According to the UN Office for the Coordination of Humanitarian Affairs (OCHA), more than one million people are estimated to be currently displaced as the violence started in Kasaï Central and rippled across neighboring Kasaï, Kasaï Oriental, Lomami and Sankuru provinces. Currently some 40 national and international humanitarian organizations were working across the five provinces to respond to the crisis, which was borne out of armed clashes that erupted in August 2016 between the Congolese army and a local militia group.
The creation and arming of a militia, the Bana Mura – was allegedly to support the authorities in fighting the Kamuina Nsapu, but which has carried out horrific attacks against civilians from the Luba and Lulua ethnic groups. Refugees from multiple villages in the Kamonya territory indicated that the Bana Mura had between May and June 2017 shot dead, hacked or burned to death, and mutilated, hundreds of villagers, as well as destroying entire villages. Children as young as two had limbs chopped off; many babies had machete wounds and severe burns. One two-month-old baby seen by a UNOHCR team had been hit by two bullets four hours after birth; the mother was also wounded. At least two pregnant women were sliced open and their foetuses mutilated.
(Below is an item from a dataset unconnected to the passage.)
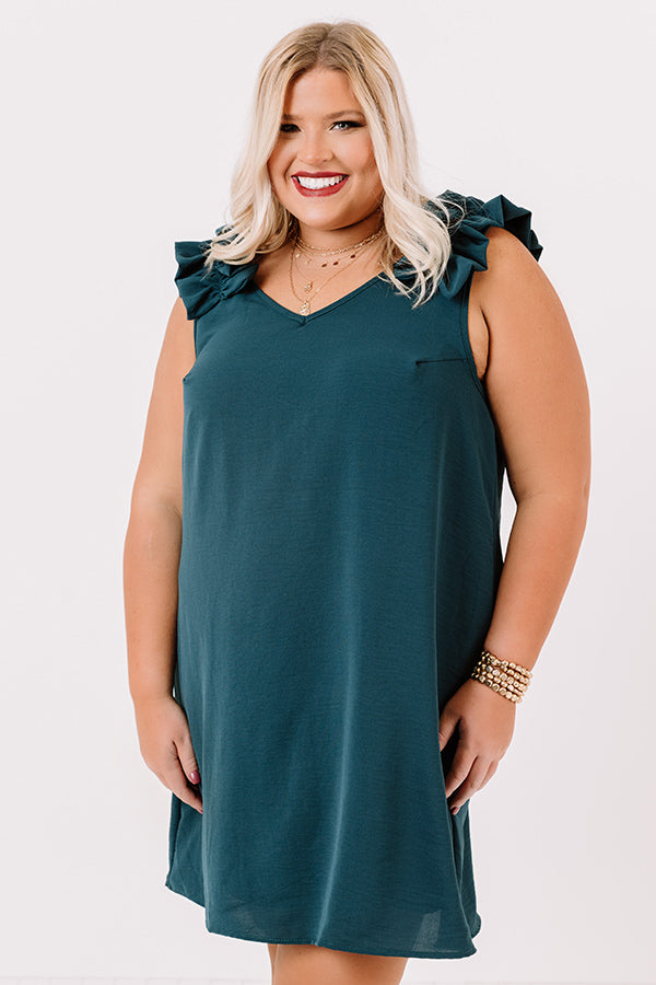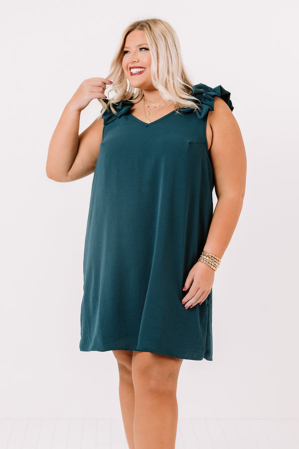Plus Size - Stay looking fabulous in our adorable teal colored "Song And Dance" shift dress featuring lightweight material, a v-cut neckline and upper back, oversized ruffled shoulder straps, and an ultra relaxed silhouette that falls into a straight mid-thigh length hemline! Measurements

Bana Mura militia carried out what appeared to be well-planned attacks on several villages in Kamonia territory in April and May 2017. Wearing white bandanas made from mosquito nets and bracelets of leaves, the Bana Mura attacked Luba and Lulua inhabitants, beheading, mutilating and shooting victims; in some cases burning them alive in their homes. In one of the most shocking attacks, in the village of Cinq, 90 patients, colleagues and people who had sought refuge in a health center were killed, including patients who could not escape when the surgical ward was set on fire.